How much debt will I have to take on to pay for California Miramar University, and how easily will I pay it off? Keep scrolling down the page for answers.
At California Miramar University, 57.0% of incoming students take out a loan to help defray freshman year costs, averaging $5,787 a piece. This amount includes both private and federally-funded student loans.
The average federal loan is $5,787, which is 105.2% of the first-year borrowing cap of $5,500* for the typical first-year dependent student.
Unlike the data shown for freshmen, average undergraduate student loan amounts do not include private loans. In addition to unreported parent loans, this can increase the average amount borrowed significantly.
29.0% of all undergraduate students (including freshmen) at California Miramar University utilize federal student loans to help pay for their college education, averaging $5,799 per year. This amount is 0.2% higher than the $5,787 amount borrowed by freshmen. The fact that returning students borrow more than freshmen could indicate that the school front-loads financial aid packages, offering more aid to new students while expecting returning students to take on larger loans to continue their education.
Borrowing the average amount will result in loans of $11,598 after two years and $23,196 after four.
These numbers are based on borrowing the same amount each year and do not include any loans where the parent is the borrower, even though Parent PLUS loans are frequently included in financial aid packages.
Were you surprised by how much you are projected to owe by the time you graduate? Remember this is an average: some students will borrow more than this.

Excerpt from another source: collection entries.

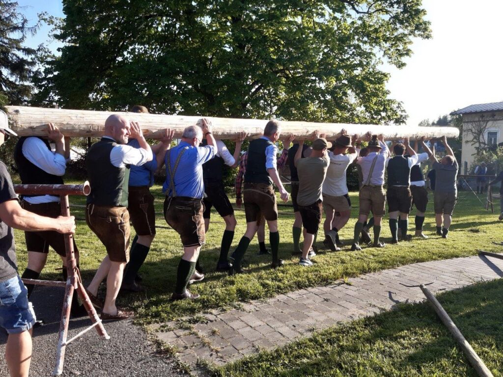 Bei prächtigen Frühlingswetter wurde unter der Anleitung von Gernot Gföllner der Maibaum mit Gabeln und Muskelkraft in Position gebracht und das Spruchtaferl befestigt.
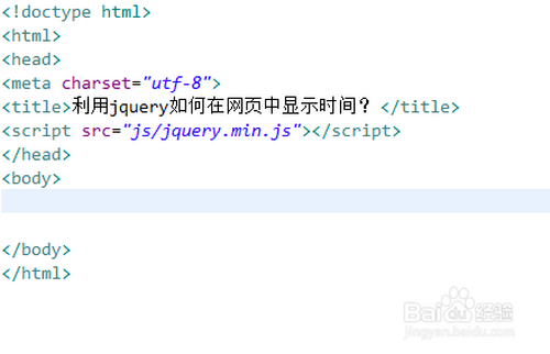 新建一个html文件,定名为test.html,用于讲解操纵jquery若何在网页中显示时候。
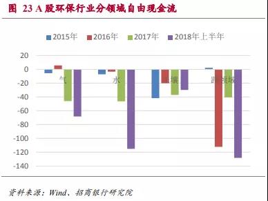圖23顯示大氣環(huán)保和水體環(huán)保領(lǐng)域的自由現(xiàn)金流從2017年起出現(xiàn)大量缺口,而跨領(lǐng)域自由現(xiàn)金流缺口最大,同時(shí)波動(dòng)幅度也較大。這三個(gè)領(lǐng)域經(jīng)營性現(xiàn)金流都不能滿足行業(yè)快速擴(kuò)張的需求。土壤環(huán)保相對(duì)缺口較小,這很有可能是土壤環(huán)保目前還處于探索階段,大規(guī)模投資還未啟動(dòng)導(dǎo)致的。
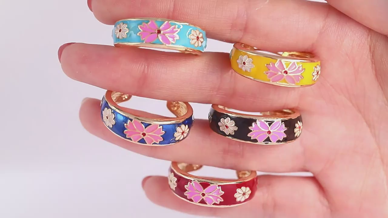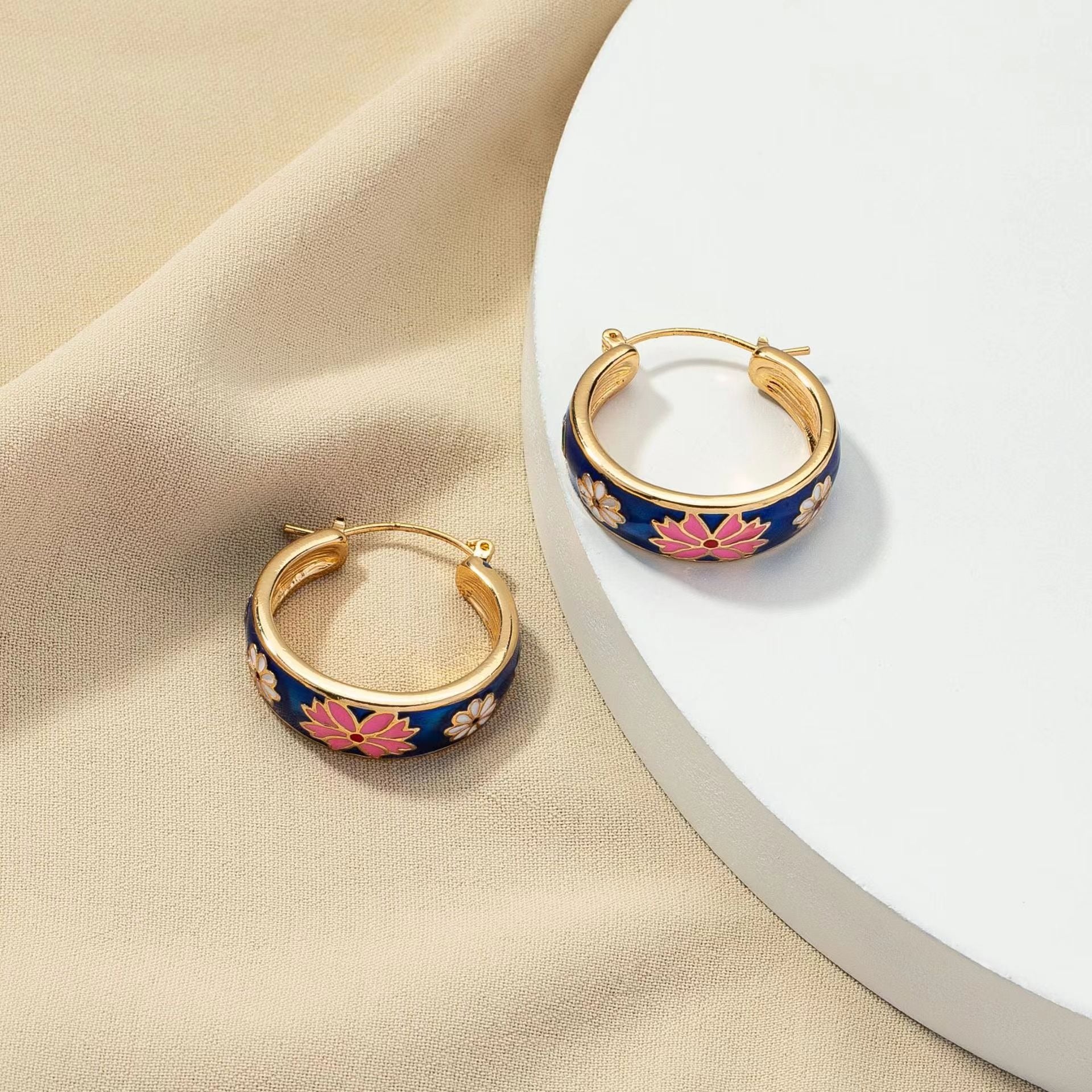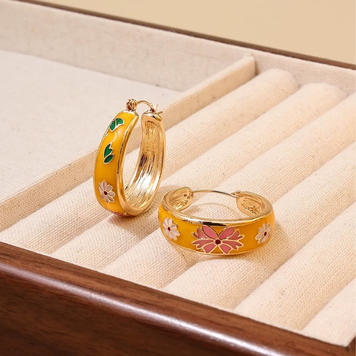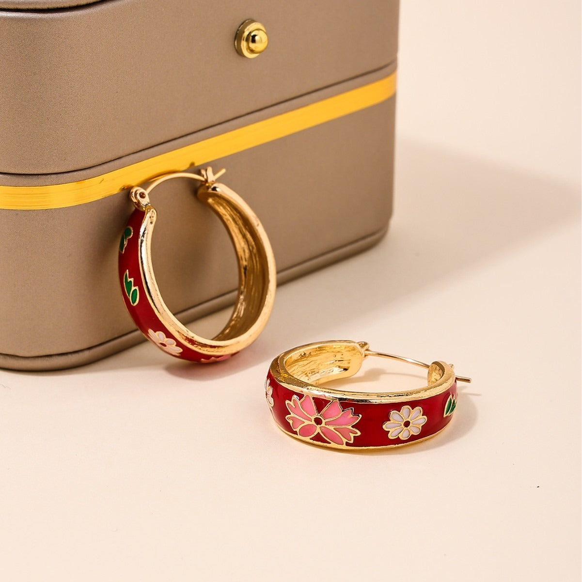 Brighten your look with these Floral Enamel Floral Hoop Earrings, a playful mix of retro charm and modern elegance. Each hoop is decorated with delicate pink flower motifs set against vibrant enamel backgrounds, making them the perfect statement accessory to add color and fun to any outfit.
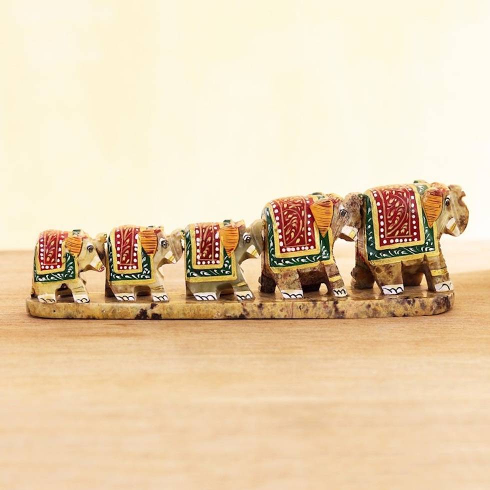 Hand Painted Soapstone Elephant Statuette 'Single File' Item ID: 2671789340
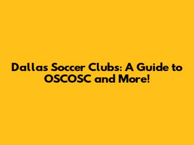 Dallas Soccer Clubs: A Guide To OSCOSC And More!
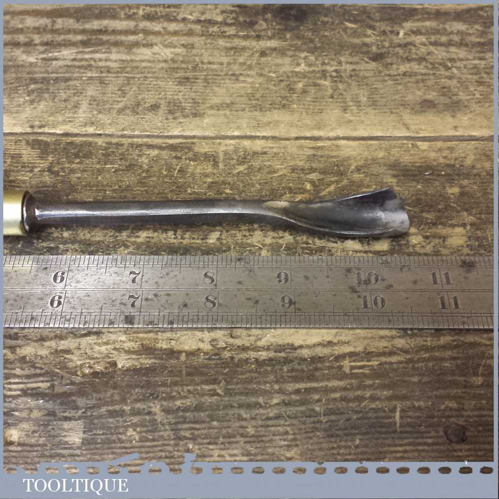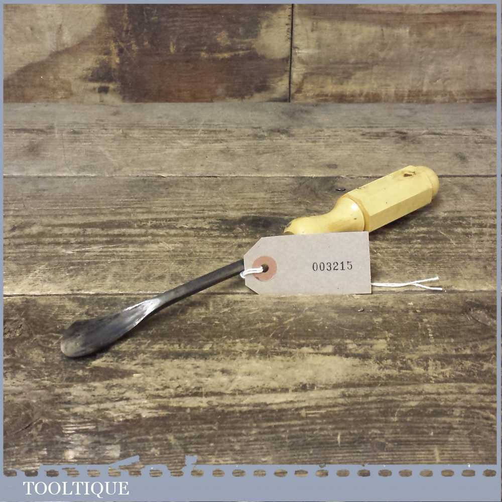 Large vintage patternmaker’s 29/32” wide spoon gouge carving chisel with boxwood handle in good used condition. The chisel has been sharpened and honed ready for use.
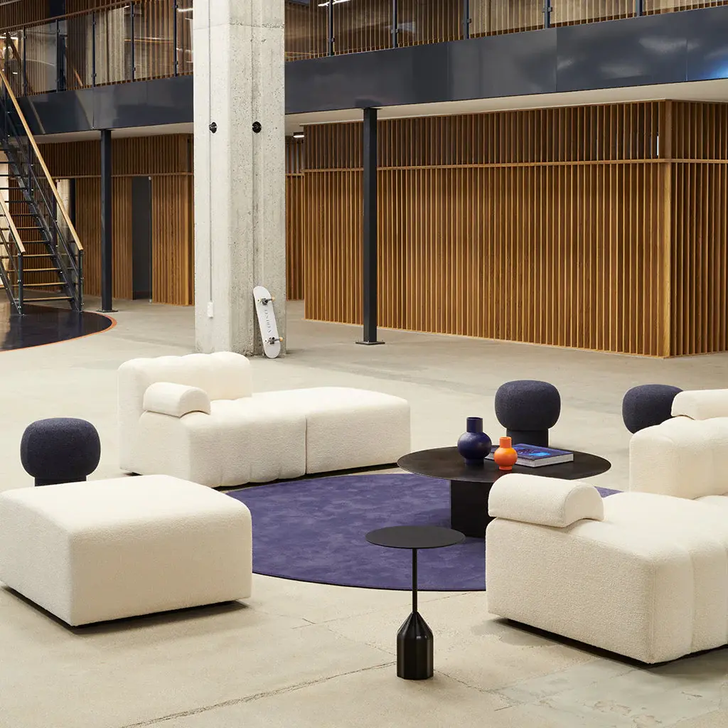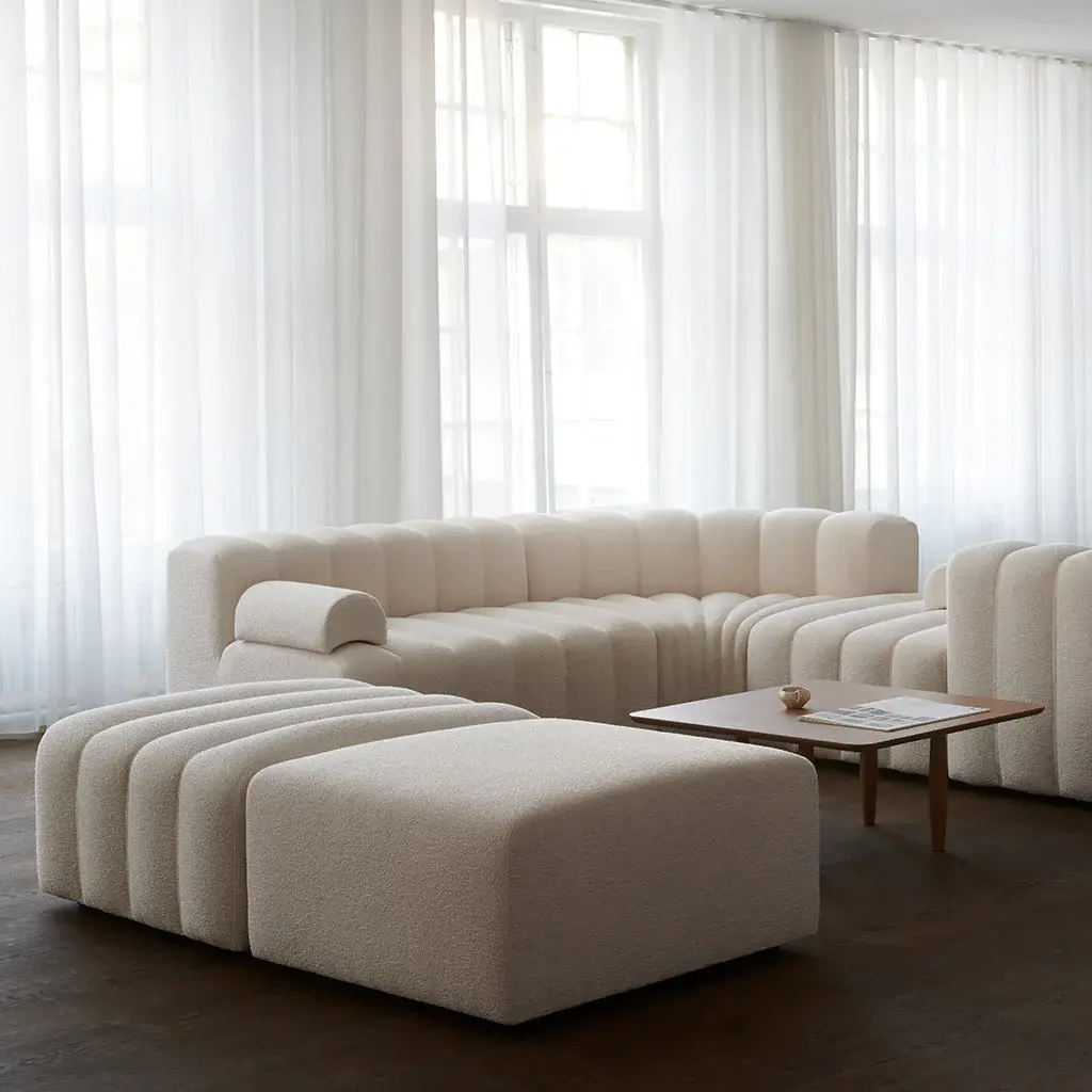 The Studio Ottoman is an accessory module that complements the Studio Sofa collection. Inspired by the bold aesthetics of the 1970s, the Studio Modular Sofa from Nor11 is characterized by its fluted upholstery and soft, inviting lines. The system includes multiple module variations that can be arranged to form different setups, whether for small living areas or larger social spaces. The loose armrest cushions are movable yet dense, boasting ample customization without sacrificing a comfortable and sturdy seat. Available in a wide range of high-quality fabrics and leather options.
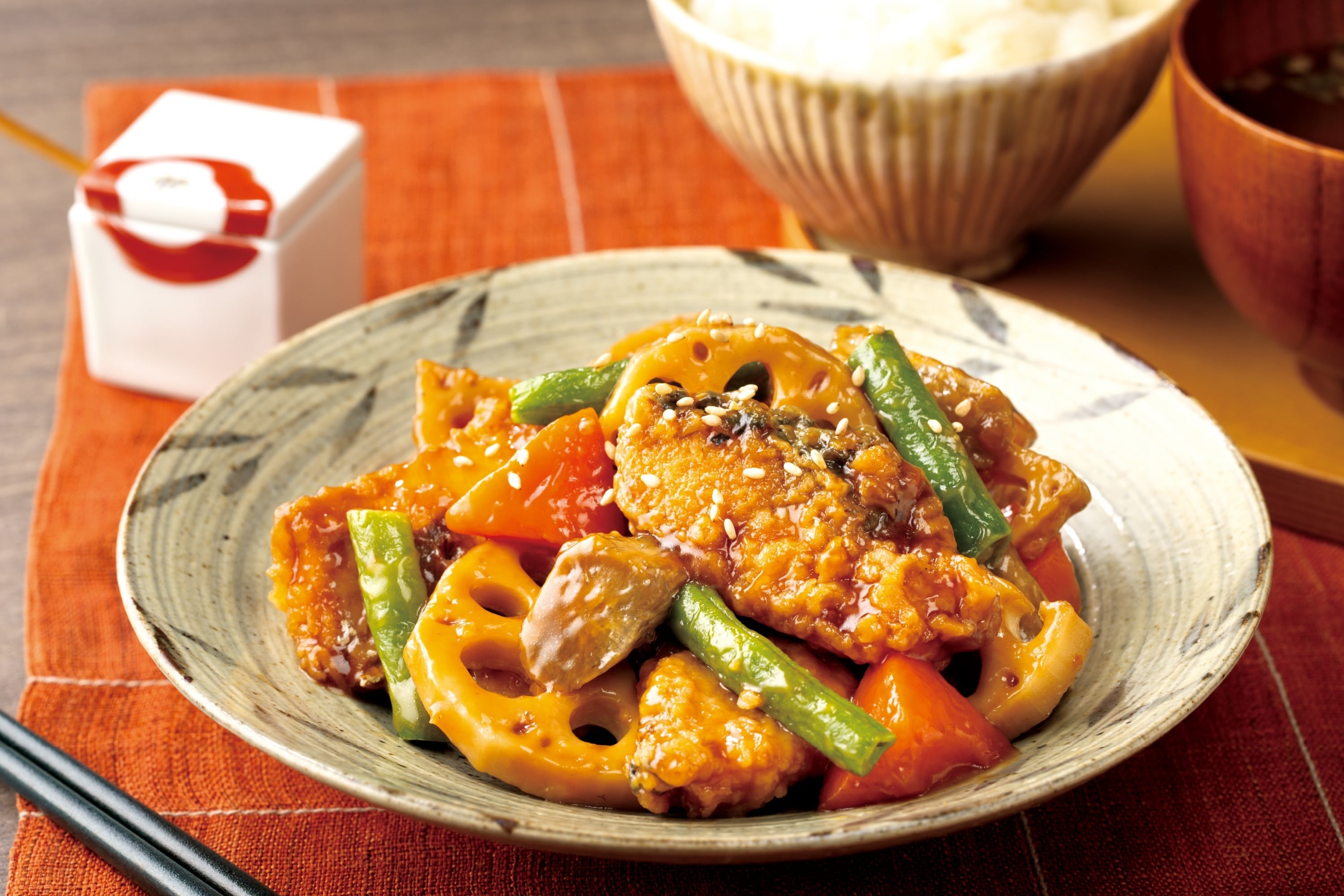 甘辛タレが引き立てるノルウェー産さばと3種の根菜。
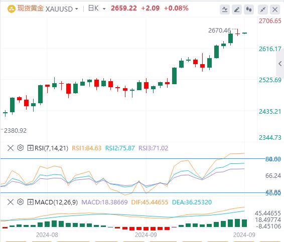 周四亚盘,黄金交投于2659.22附近。金价周三连续第二个交易日稳稳保持在2,650美元上方,因为交易员增加了美联储(Fed)在即将到来的11月会议上再次大幅降息的可能性。这一点以及美国国债收益率高企阻止了黄金/美元进一步上涨,大部分交易价格接近2,660美元,上涨0.14%。由于华尔街交易处于亏损状态,市场情绪在美国时段略有恶化。因此,金价创下2,670美元的历史新高,但随着美国国债收益率上涨4.5个基点(bps)至3.775%而回落。

Is the debt worth it? Research return on investment.
We were planning to provide you with the loan default rate at California Miramar University and compare it to the national average of 9.3%, but unfortunately, that information is not available to us.
Declaring bankruptcy does not remove student loan debt owed to the Federal government. They can garnish part of your income if you do not pay back your loans.
What's the difference? Unsubsidized student loans accrue interest each month, even while you are in college. Unless you pay that interest each month, what you owe after graduation might surprise you.